Shown below is a listing with pictures; reproduce exactly, and only, the lines between the ones containing "Un Pollito tan" and "Комбинезон из сотовой", inclusive, leaving the pictures out.
•••••
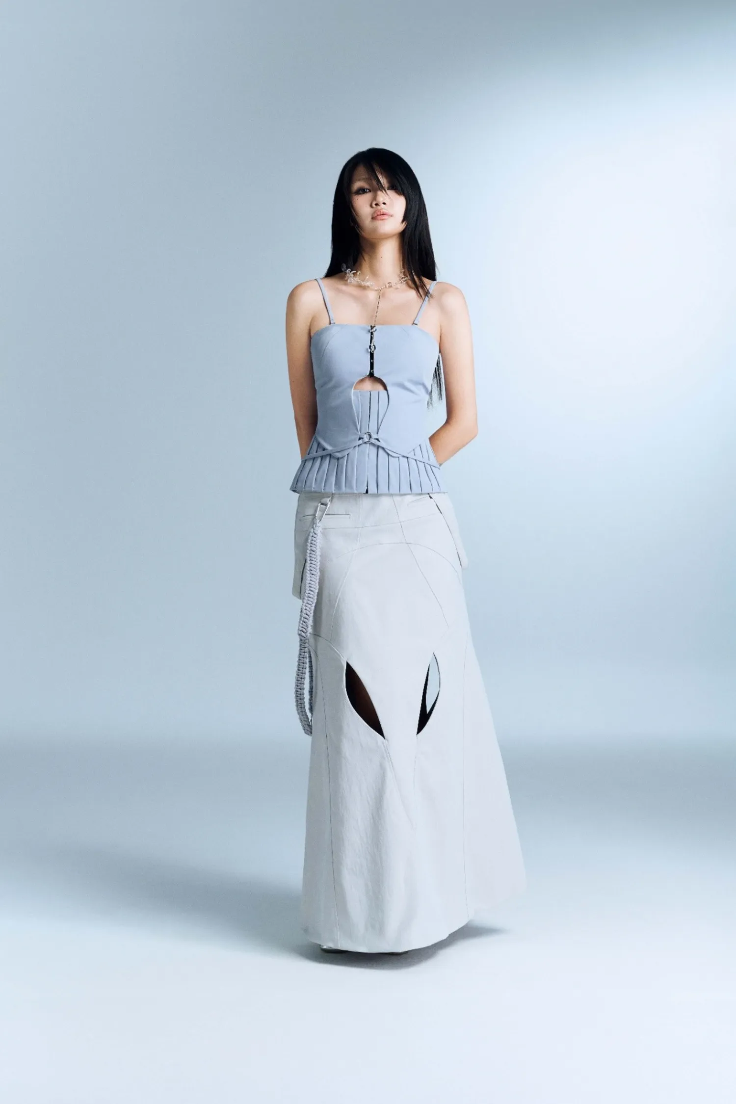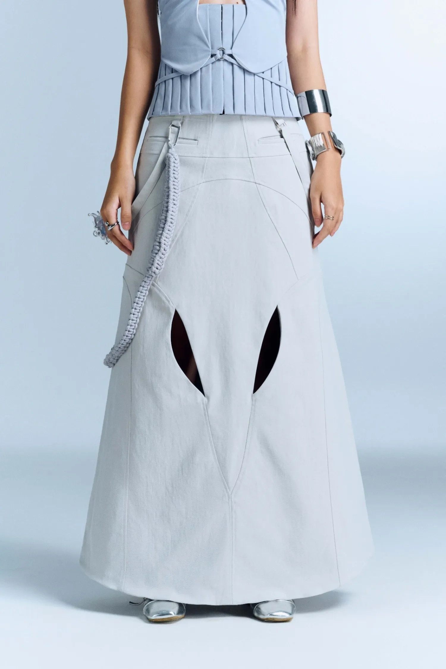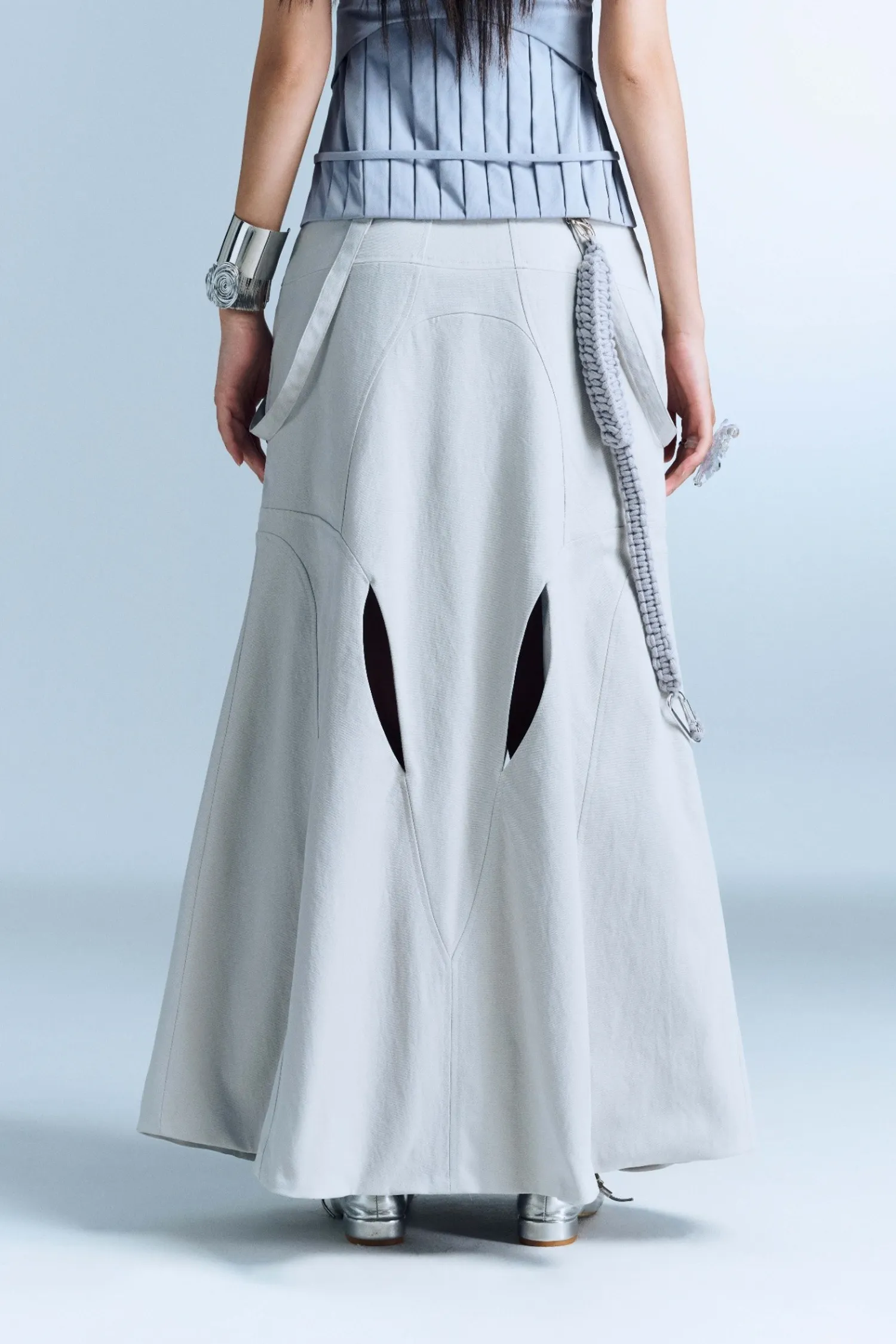 長 A 字裙,前後有鏤空細節
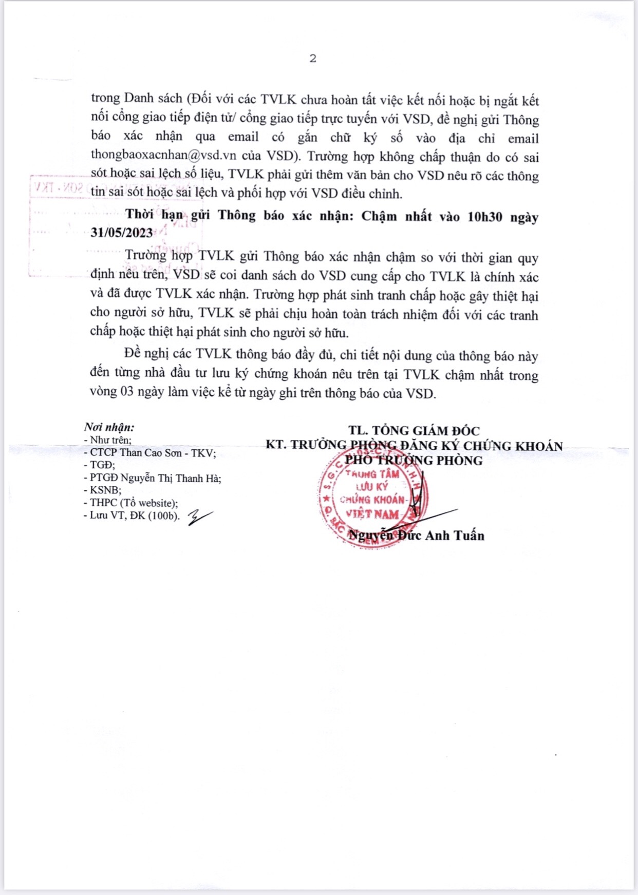 Thông báo số 1486/TB-VSD của Trung tâm lưu ký chứng khoán Việt Nam Về ngày đăng ký cuối cùng và xác nhận danh sách người sở hữu chứng khoán
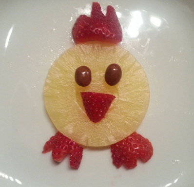 Un Pollito tan rico jeje con piña, fresa y dos bolitas de chocolate ^^
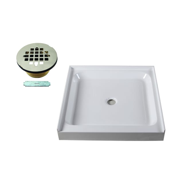 Shower Pan 36 x 36 3-Wall W/ Center Solid Brass Drain W/ Modern Cross Grid in Satin Nickel
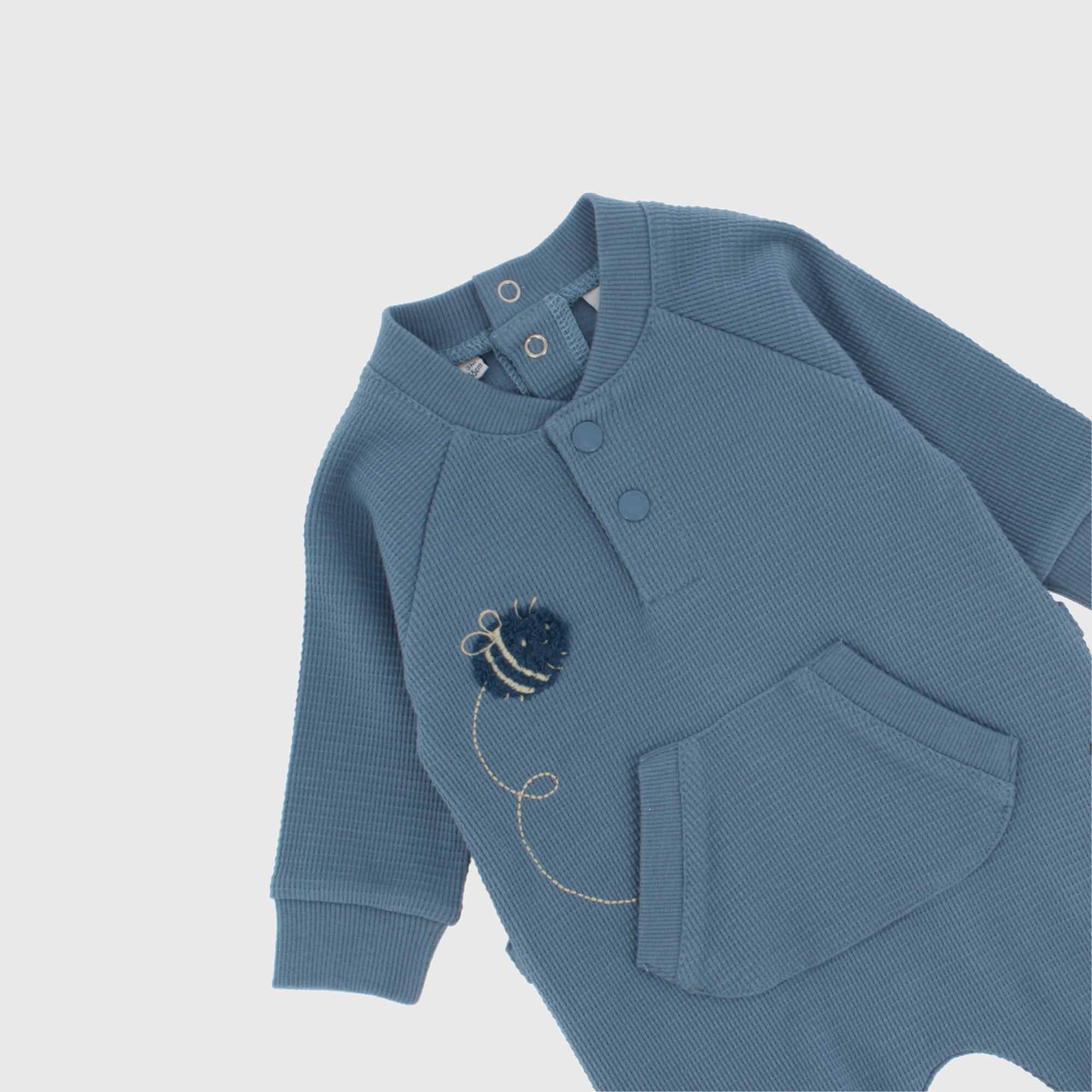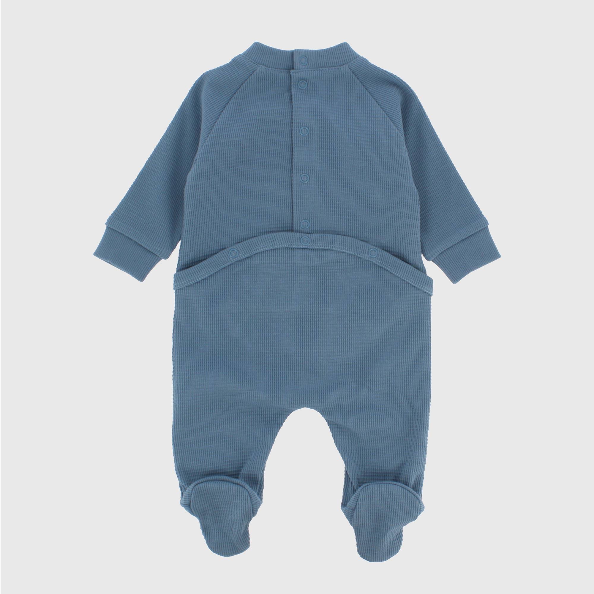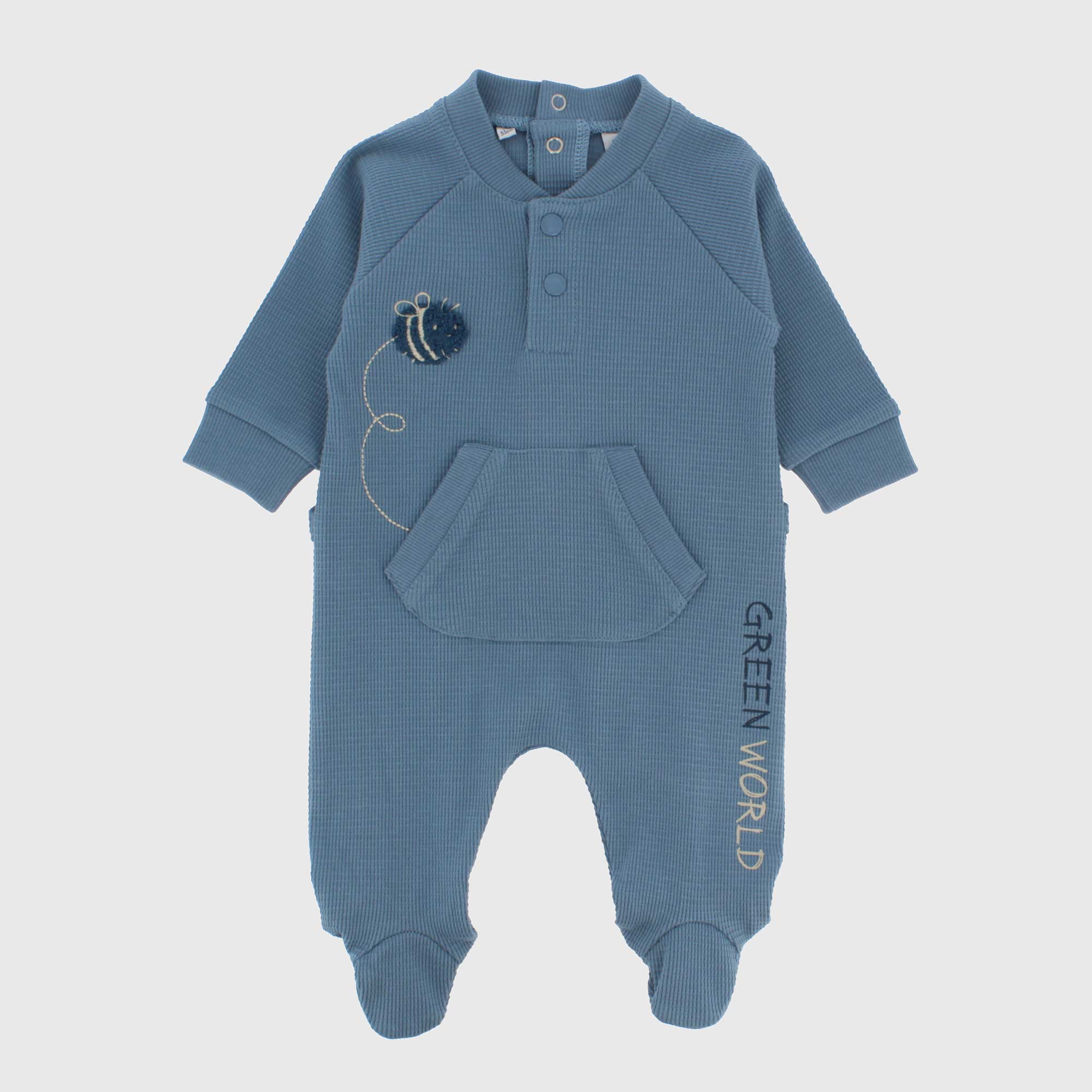 Комбинезон из сотовой ткани, круглый вырез горловины, длинные рукава. Застежка на кнопки сзади. Карман-кенгуру, вышивка с эффектом губки и принт спереди.
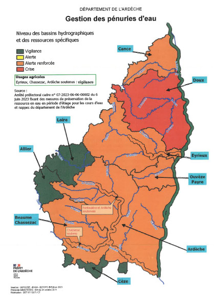 Les évolutions constatées et les prévisions météorologiques des prochains jours nécessitent donc la prise d’un nouvel arrêté préfectoral en date du 08 août 2023 plaçan en niveau « CRISE » le bassin versant du Doux.
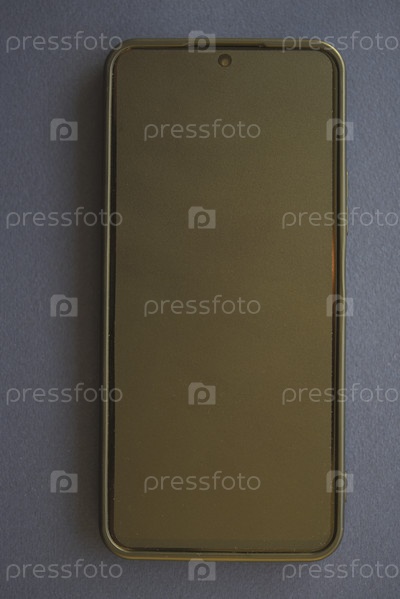 Черный смартфон на синем фоне. Новый гаджет. Смартфон с защитной пленкой и чехлом
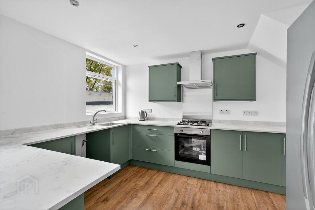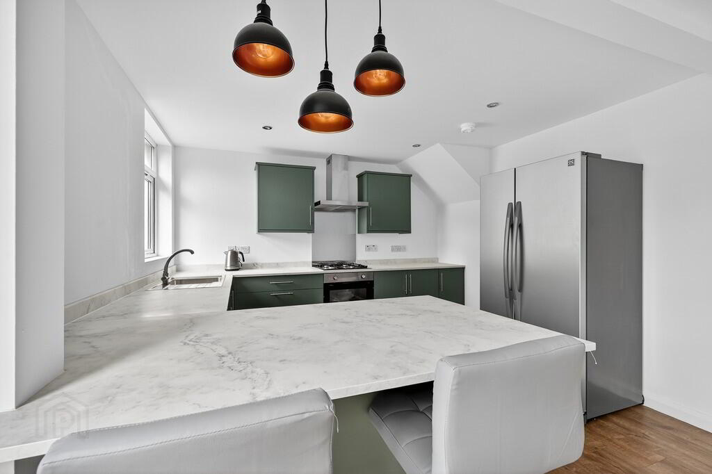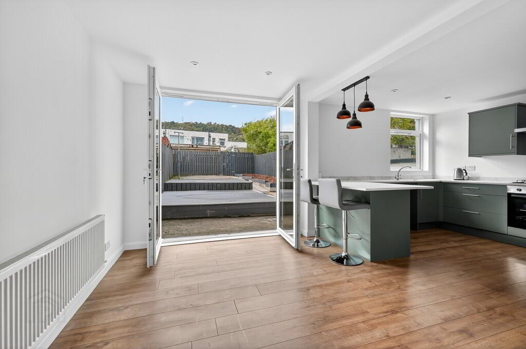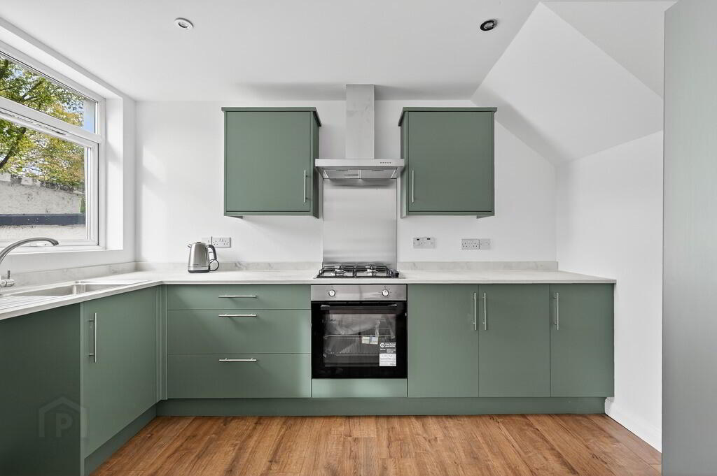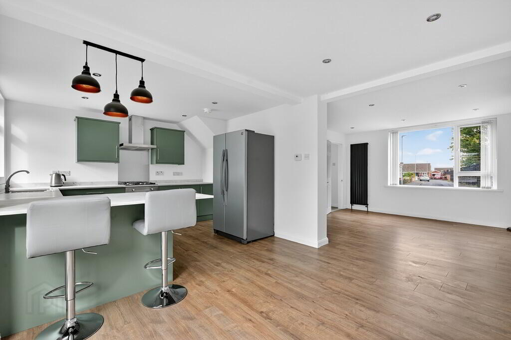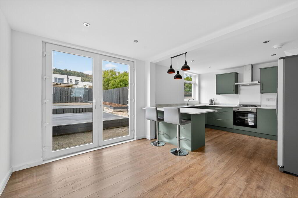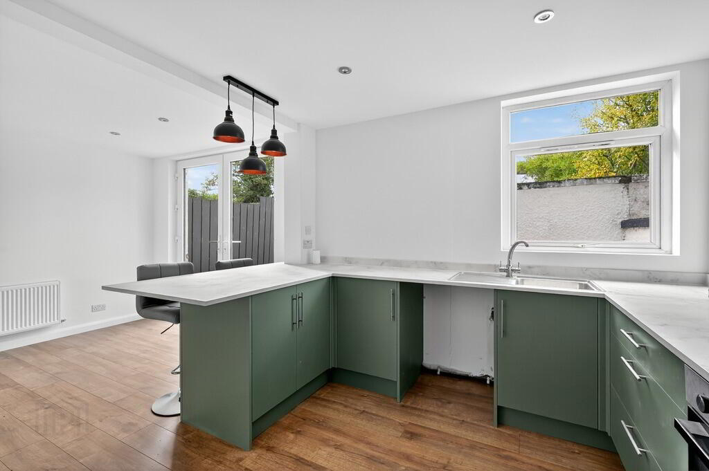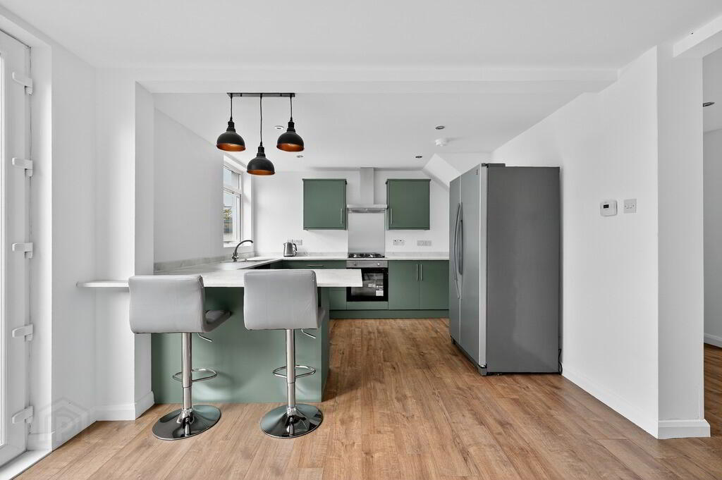 Open Plan Stylish sage-green cabinetry with sleek intergrated appliances with breakfast bar and ample storage . Large patio doors allowing natural light
•••••
[Output for this exercise]:
 Un Pollito tan rico jeje con piña, fresa y dos bolitas de chocolate ^^
 Shower Pan 36 x 36 3-Wall W/ Center Solid Brass Drain W/ Modern Cross Grid in Satin Nickel
 Комбинезон из сотовой ткани, круглый вырез горловины, длинные рукава. Застежка на кнопки сзади. Карман-кенгуру, вышивка с эффектом губки и принт спереди.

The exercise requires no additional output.